Early Detection of Triple Negative Breast Cancer Relapse

Launched by INSTITUT CURIE · Jan 16, 2024

Keywords

ClinConnect Summary

The CUPCAKE clinical trial is designed to explore a new way to monitor women who have been treated for triple negative breast cancer (TNBC) and are at high risk for the cancer returning. The study will look at using blood tests to detect tiny pieces of cancer DNA (ctDNA) along with special imaging scans to see if cancer is coming back in patients who have completed their initial treatment. The trial has two steps: first, participants will have blood tests every three months to check for ctDNA. If ctDNA is found, they will be randomly assigned to one of two groups. One group will continue monitoring without immediate action, while the other group will receive additional scans to investigate further.

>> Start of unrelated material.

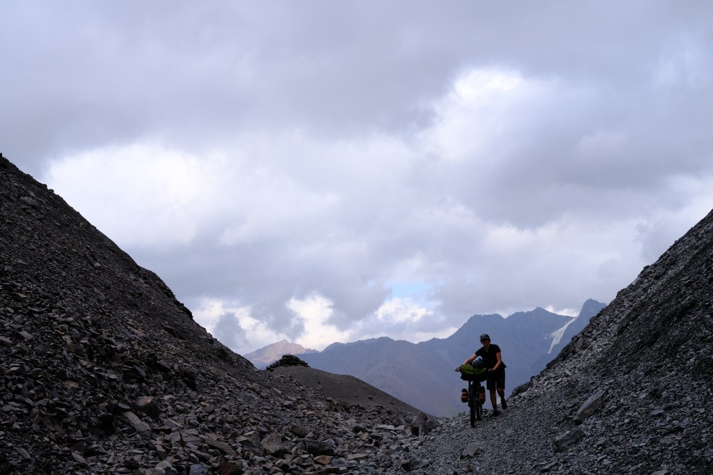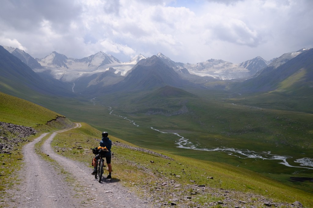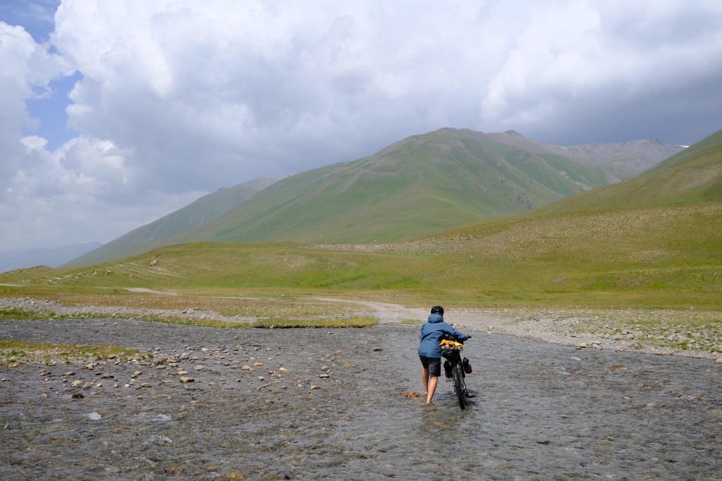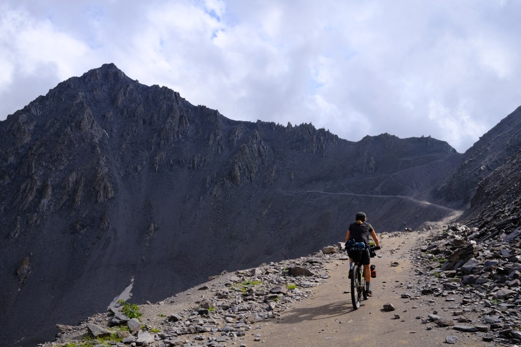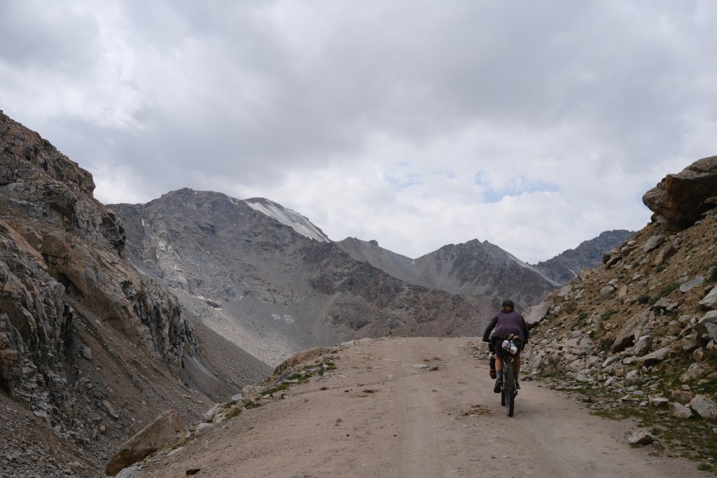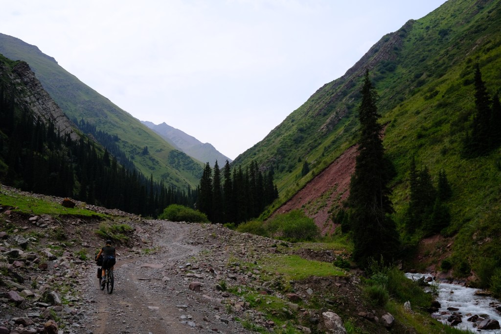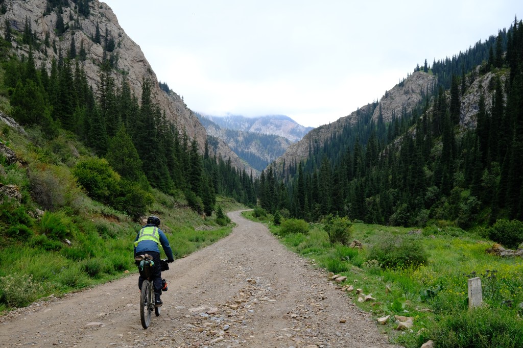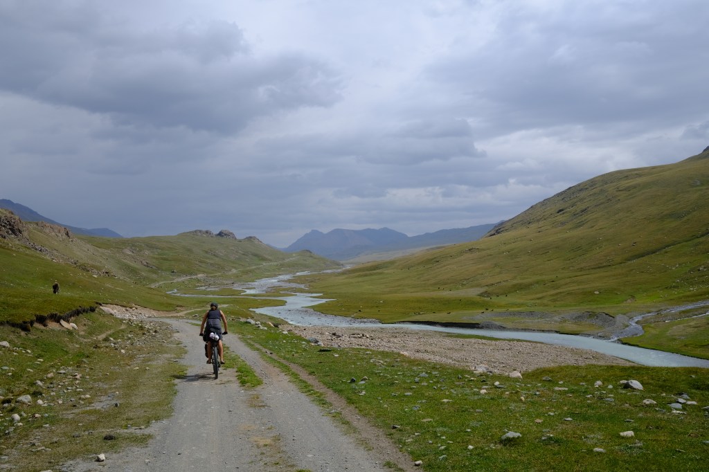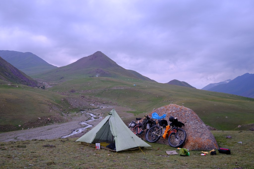 Nach einem Müslifrühstück besorgen wir uns noch Verpflegung für zwei Tage in den Bergen in einem kleinen Shop am Straßenrand – und los geht’s. Ein wenig später, immer noch an der Hauptstraße, entdecken wir einen Stand, an dem frisches Fladenbrot verkauft wird. Es wird direkt vor Ort und unter freiem Himmel gebacken – der Duft ist köstlich. Wir nehmen zwei. Dann beginnt der Anstieg. Heute erwarten uns 2200 Höhenmeter am Stück bergauf. Die Straße ist anfangs noch recht gut, wird jedoch umso kaputter, je weiter wir nach oben fahren. Schon bald müssen wir unsere Räder über die ersten verschütteten Abschnitte tragen. Lustig – auf Google Maps ist hier mal wieder eine normale Passstraße eingezeichnet. Mit einem Fahrzeug auf vier Rädern wäre an ein Weiterkommen jedoch nicht zu denken. Wiebke hat heute mehrere kleine Wutanfälle – langsam lässt die Kraft nach, sich jeden Tag aufs Neue einen riesigen Pass hinaufzuquälen. Mir hingegen macht es großen Spaß, und ich fühle mich genau am richtigen Ort. Ich versuche, Wiebke so viel positive Energie wie möglich zu senden. Die Abschnitte, in denen wir die Räder über große Steine wuchten müssen, sind die kräftezehrendsten. Je höher wir kommen, desto ungemütlicher wird das Wetter: Wolken ziehen auf, es wird kalt und windig, und immer wieder setzt Regen ein. Doch wir lassen uns davon nicht die Stimmung verderben – die Aussicht ist einmalig. Wieder schafft es Kirgistan, uns aufs Neue zu beeindrucken: mit wilden Gletschern, beeindruckenden Felsformationen und endlosen Geröllfeldern. Irgendwann erreichen wir den Kok-Ayrik Pass. Ein großes Tor markiert die Passhöhe. Hinter uns liegt der Yssykköl, vor uns erstreckt sich der Chon-Kemin-Nationalpark. Nun tröpfelt es sanft vor sich hin. Schnell ziehen wir unsere Regenhosen an, freuen uns kurz über den erreichten Gipfel und starten dann die Abfahrt. Doch lange fahren ist nicht möglich – auch hier müssen wir immer wieder schieben. Die Aussicht ist natürlich weiterhin, wenn nicht sogar noch mehr, fantastisch, aber die Abfahrt zieht sich. Aus der geplanten einen Stunde werden zweieinhalb. Immer wieder steigen wir vom Rad, schieben es oder heben es über Geröllhaufen. Als wir endlich im Tal ankommen, hat sich das Wetter weiter verschlechtert. Es regnet mittlerweile durchgehend, der Himmel ist wolkenverhangen, und es ist kalt. Wieder müssen wir einen Fluss durchqueren. Auf den ersten Blick wirkt er gar nicht so wild, doch beinahe kostet er mich mein Rad. Ich wate ohne Rad zurück und helfe Wiebke. Gemeinsam halten wir ihr Rad fest und verhindern, dass es von der Strömung mitgerissen wird. Damit hatte ich an dieser Stelle wirklich nicht gerechnet. Trotzdem beschließen wir, noch ein paar Kilometer weiterzufahren. Wir sind ohnehin nass, und jeder Kilometer, den wir heute zurücklegen, erspart uns morgen zusätzliche Anstrengung – schließlich sind es noch mindestens 60 Kilometer bis zum nächsten Dorf. Im Regen fahren wir das Tal hinaus in Richtung Westen. Es geht leicht bergab, doch heute bläst uns ein starker Gegenwind entgegen. Nach einem kurzen Zwischenanstieg und kurz bevor es dunkel wird, finden wir einen schönen Schlafplatz auf einer Lichtung mit Blick auf einen beeindruckenden Berg. Am Abend lockert die Bewölkung etwas auf und erlaubt uns wunderbare Ausblicke in alle Richtungen. Während unserer Abendroutine – Zelt aufbauen, Katzenwäsche, Schlafsack und Isomatten vorbereiten, Essen kochen – taucht plötzlich ein junges Mädchen auf einem Pferd auf. Sie beobachtet uns aus sicherer Entfernung, pflückt Kräuter und scheint sich sehr für uns zu interessieren. Erst kurz bevor es dunkel wird, schwingt sie sich auf ihr Pferd und reitet davon – eine Begegnung, die wir beide nicht vergessen werden. Wie so oft gibt es von den schönsten und intensivsten Momenten keine Fotos. Ich habe eine große Hemmung, solche Situationen durch das Zücken der Kamera zu unterbrechen. Vielmehr genieße ich sie und versuche, die Bilder in meinem Kopf abzuspeichern. In der Nacht gewittert es immer wieder in den Bergen um uns herum. Wir liegen lange wach und versuchen herauszufinden, ob die Gewitter näherkommen oder sich entfernen. Beim Radreisen habe ich schon einige unheimliche Momente während Gewittern erlebt, und ich muss zugeben, dass wir beide großen Respekt vor Blitzeinschlägen haben. Doch wir haben Glück – die Gewitter bleiben weit genug entfernt. Der Regen begleitet uns dennoch die ganze Nacht.

To be eligible for this trial, participants must be women aged 18 or older who have been diagnosed with non-metastatic TNBC and have undergone surgery to treat their cancer within the last 1 to 18 months. They should also be at high risk of relapse based on specific criteria. Participants can expect regular blood tests and, if ctDNA is detected, possible additional imaging tests. It's important to note that the trial is not currently recruiting, so it won't start enrolling participants just yet.

Gender

FEMALE

Eligibility criteria

• Inclusion Criteria:
• • 1. Patients must have signed a written informed consent before inclusion
• • 2. Patients must be female ≥ 18 years old
• • 3. Patients diagnosed with a non-metastatic TNBC (ER \& PR \<10%, HER2- per ASCO/CAP guidelines). Patients must have been previously evaluated by a 18F-FDG PET-CT or a bone scintigraphy combined with a thorax, abdomen and pelvis CT scan with contrast
• • 4. Patients who have undergone surgery with curative intent for their non-metastatic TNBC. Surgery must have been performed between 1 to 18 months before inclusion. Patients must have initiated their adjuvant therapy, whenever indicated, since at least 4 weeks. For patients receiving an experimental adjuvant treatment in a clinical trial, any intervention planned as part of this trial must be completed before inclusion.
• 5. High-risk primary tumor, defined as:
• • 1. Lack of pathological complete response after neoadjuvant chemotherapy (RCB I, II or III; RCB I being capped to a maximum of 30% of included patients) OR, in the absence of neoadjuvant chemotherapy,
• • 2. Stage IIB-III (i.e., T2N1, any T3-T4, any N2-3) OR
• • 3. Any loco-regional relapse occurring after a prior ipsilateral, curatively treated TNBC
• • 6. No sign of local or distant relapse, as per investigator assessment
• • 7. Performance status \< 2
• • 8. Available FFPE tumor block with \> 10% cellularity or 11 tumor sections with \>10% cellularity
• • 9. Patient able to comply with protocol requirements
• • 10. Patients covered by a health insurance
• Exclusion Criteria:
• • 1. Any uncontrolled disease, metabolic dysfunction, physical examination finding, or clinical laboratory finding or any other medical condition that, in the opinion of the investigator, interferes with the trial procedures
• • 2. Male participants
• • 3. Patients with altered mental status or psychiatric disorder that, in the opinion of the investigator, would preclude a valid patient informed consent.
• • 4. Patients who have difficulty undergoing trial procedures for geographic, social or psychological reasons
• • 5. Person deprived of liberty or under guardianship
• 6. History of another primary malignancy except for the following :
• • 1. Basal cell carcinoma or any in situ carcinoma treated with curative intent
• • 2. Any stage I-II malignancy treated with curative intent with no evidence of active disease in the last five years
• • 7. For step #2 (randomization after ctDNA detection): clinical/radiological metastatic relapse before the detection of the molecular relapse.